In the above simplified example, what I would like is that the HashNode represent the hash of its Expr, so that the GetHashCode does not have to travel any deeper in the AST in order to calculate it.

That having said, I am not sure how I should override the GetHashCode method. Ideally, I'll like to reuse the inbuilt hash method and make it ignore only the HashNode somehow, but I am not sure how to do that.

More likely, I am going to have to make my own hash function, but unfortunately I know nothing about hash functions so I am a bit lost right now.

An alternative idea that I have would be to replace nodes with unique IDs while keeping that hash function as it is, but that would introduce additional complexities into the code that I'd rather avoid unless I have to.


Solution

  • I needed a similar thing recently in TheGamma (GitHub) where I build a dependency graph (kind of like AST) that gets recreated very often (when you change code in editor and it gets re-parsed), but I have live previews that may take some time to calculate, so I wanted to reuse as much of the previous graph as possible.

    The way I'm doing that is that I attach a "symbol" to each node. Two nodes with the same symbol are equal, which I think you could use for efficient equality testing:

    type Expr =
      | Add of ExprNode * ExprNode
      | Lit of int
    
    and ExprNode(expr:Expr, symbol:int) = 
      member x.Expression = expr
      member x.Symbol = symbol
      override x.GetHashCode() = symbol
      override x.Equals(y) = 
        match y with 
        | :? ExprNode as y -> y.Symbol = x.Symbol
        | _ -> false
    

    I do keep a cache of nodes - the key is some code of the node kind (0 for Add, 1 for Lit, etc.) and symbols of all nested nodes. For literals, I also add the number itself, which will mean that creating the same literal twice will give you the same node.
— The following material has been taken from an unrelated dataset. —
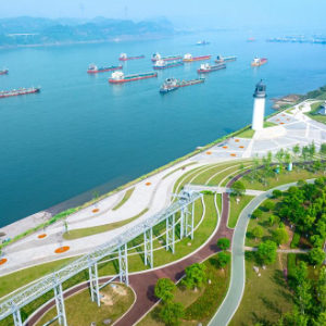 2024年5月24日,市民在湖北宜昌市滨江公园灯塔广场游玩。该广场是在实施岸线复绿等综合措施后,由老旧码头改造而成。

So creating a node looks like this:

    let node expr ctx =  
      // Get the key from the kind of the expression
      // and symbols of all nested node in this expression
      let key = 
        match expr with 
        | Lit n -> [0; n]
        | Add(e1, e2) -> [1; e1.Symbol; e2.Symbol]
      // Return either a node from cache or create a new one
      match ListDictionary.tryFind key ctx with
      | Some res -> res
      | None ->
          let res = ExprNode(expr, nextId())
          ListDictionary.set key res ctx
          res
    

    The ListDictionary module is a mutable dictionary where the key is a list of integers and nextId is the usual function to generate next ID:

    type ListDictionaryNode<'K, 'T> = 
      { mutable Result : 'T option
        Nested : Dictionary<'K, ListDictionaryNode<'K, 'T>> }
    
    type ListDictionary<'K, 'V> = Dictionary<'K, ListDictionaryNode<'K, 'V>>
    
    [<CompilationRepresentation(CompilationRepresentationFlags.ModuleSuffix)>]
    module ListDictionary = 
      let tryFind ks dict = 
        let rec loop ks node =
          match ks, node with
          | [], { Result = Some r } -> Some r
          | k::ks, { Nested = d } when d.ContainsKey k -> loop ks (d.[k])
          | _ -> None
        loop ks { Nested = dict; Result = None }
    
      let set ks v dict =
        let rec loop ks (dict:ListDictionary<_, _>) = 
          match ks with
          | [] -> failwith "Empty key not supported"
          | k::ks ->
              if not (dict.ContainsKey k) then 
                dict.[k] <- { Nested = Dictionary<_, _>(); Result = None }
              if List.isEmpty ks then dict.[k].Result <- Some v
              else loop ks (dict.[k].Nested)
        loop ks dict
    
    
    let nextId = 
      let mutable id = 0
      fun () -> id <- id + 1; id
    

    So, I guess I'm saying that you'll need to implement your own caching mechanism, but this worked quite well for me and may hint at how to do this in your case!